In case anybody needed reminding that there are other considerations, the captain Andrew Strauss provided it yesterday. The cream of England has been exposed in this series, being dismissed for 192, 160 and 72.
Another Test tour is coming up next month, likely to be almost as tricky, to Sri Lanka. The groundsmen are doubtless already preparing slow-turning pitches and Strauss was asked yesterday if places for that trip could be won or lost in the match starting today. "You can't keep underperforming for ever," he said. "So all of us have a responsibility to improve our games. I've been a strong believer that no one is guaranteed their place in the side. The environment only works properly if there is pressure on you for your place so we all have to work very hard for the next five days."

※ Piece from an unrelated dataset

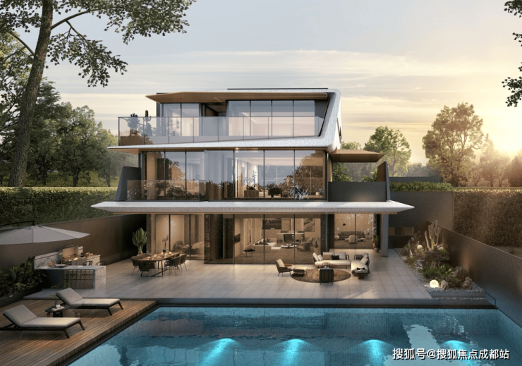 现代主义建筑风格,约16米奢阔面宽,全景落地观景窗,飞檐式屋顶设计,立体花园体系,全套房配置,独立归家动线;
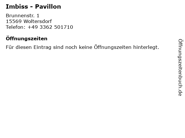 | Telefonnummer Imbiss - Pavillon in Woltersdorf (+49 3362 501710) anrufen | |

Of course, England have made it easy for selectors by scoring runs and winning matches. Four of the top six have formed the nucleus of the order more or less for six years. Strauss, Alastair Cook, Kevin Pietersen and Ian Bell have appeared together in the same Test team 51 times.
But things went badly awry in the last fortnight and Strauss is candid and diplomatic enough not to avoid the issue. "We had very good reasons to think we could win out here and the fact our bowlers have done well is part of the reason we felt we could do that," he said. "To a certain extent cricket is a form game, and some of our guys got out of form at an inconvenient juncture with each other."
One man who will not be going to Sri Lanka is the fast bowler Chris Tremlett, who left this tour early. The ECB said yesterday that he would be off until April with a back injury that had already forced him out for five months.
An unwelcome sideshow during this match is the auction for the Indian Premier League tomorrow: 15 England-qualified players, including the former Pakistan Test player Azhar Mahmood, are hoping to be enlisted. Five of them are in the present squad: Jimmy Anderson (reserve price £300,000), Ian Bell (£200,000), Ravi Bopara (£100,000), Matt Prior (£200,000) and Graeme Swann (£400,000).
"We all know where we stand" said Strauss. "I certainly won't stand in the way of players who want to play in that. We're all comfortable with that and we'll just wait and see who is picked." And would he seek to play in the IPL himself? "Er, no," he said, saying it all.